The gcd of 4 and 8 is 4, so $$\frac{4}{8} = \frac{4×1}{4×2} = \frac{4}{4}×\frac{1}{2} = \frac{1}{2}:$$

dangerousjesse · Answer

What's your answer?

heyitslizzy13 · Answer

I don't understand why it's 2^2 x^2 instead of just 2x^2 :/

dangerousjesse · Answer

Because you're multiplying all of your exponents by two to keep your numerator from getting jumbled up when you simplify.

heyitslizzy13 · Answer

I'm still kind of confused, so there's no way to use 2x^2?

dangerousjesse · Answer

You're using 2^2 x^2 to simplify 2x^2 because it makes x dividable by 2 when you simplify 8/4. You can skip that step if you'd like and just make it 2*2/8, but that wouldn't work on every other problem you did.

heyitslizzy13 · Answer

ok i'll use what you showed me and both the x^2 cancel out right? I just got 1/2 ..

dangerousjesse · Answer

Mhm, that's correct.

heyitslizzy13 · Answer

thanks, but applying the exponent to both the variable and whole number doesn't work on every problem right?

dangerousjesse · Answer

There's not much to do in number five, just solve:$$-3^{-4}=x $$$$\frac{1}{x}$$

dangerousjesse · Answer

Right.

heyitslizzy13 · Answer

I'm a little confused as to where the x came from?

dangerousjesse · Answer

The x is to transfer $$-3^{-4}$$to the simplified fraction. I put that in there.
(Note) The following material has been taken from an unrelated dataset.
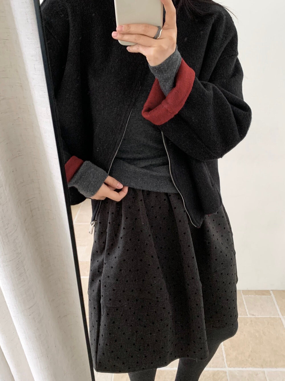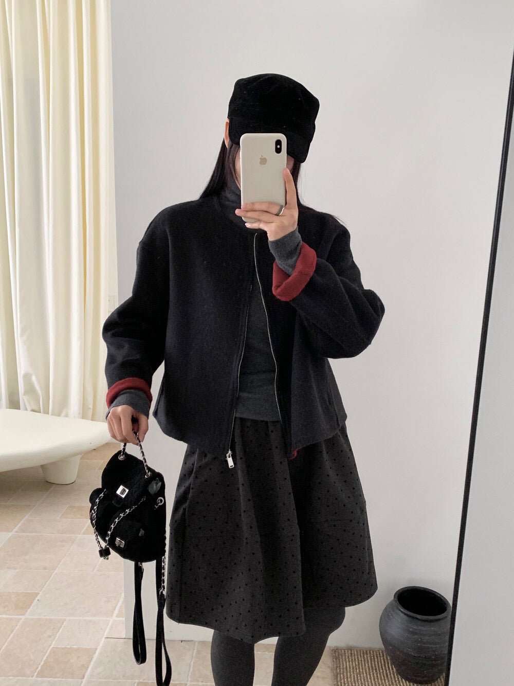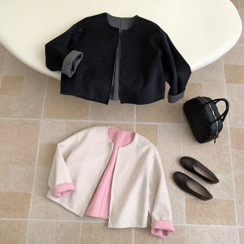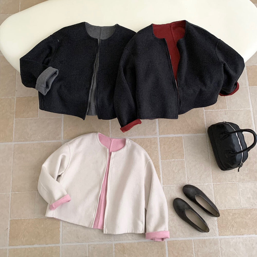 // 100%羊毛內撞色簡約圓領拉鍊手工外套

The answer would just be $$\frac{1}{-3^{-4}}$$

heyitslizzy13 · Answer

so you just did the reciprocal since they're negative?

heyitslizzy13 · Answer

that's all you do?

dangerousjesse · Answer

Yep, the simplified version would be $$\frac{1}{81}$$

heyitslizzy13 · Answer

so the answer is 1/81? since you did the reciprocal do both the whole number and exponent become positive or just the exponent ?

dangerousjesse · Answer

When you raised -3 by -4 you automatically got 81 because $$-x^{-y}=z$$$$x^{y}-z$$and$$-x^{y}=-z$$$$x^{-y}=-z$$

dangerousjesse · Answer

I meant "=" not "-" on that second one.

heyitslizzy13 · Answer

ahh ok :)

heyitslizzy13 · Answer

is #16 1y^-4 ?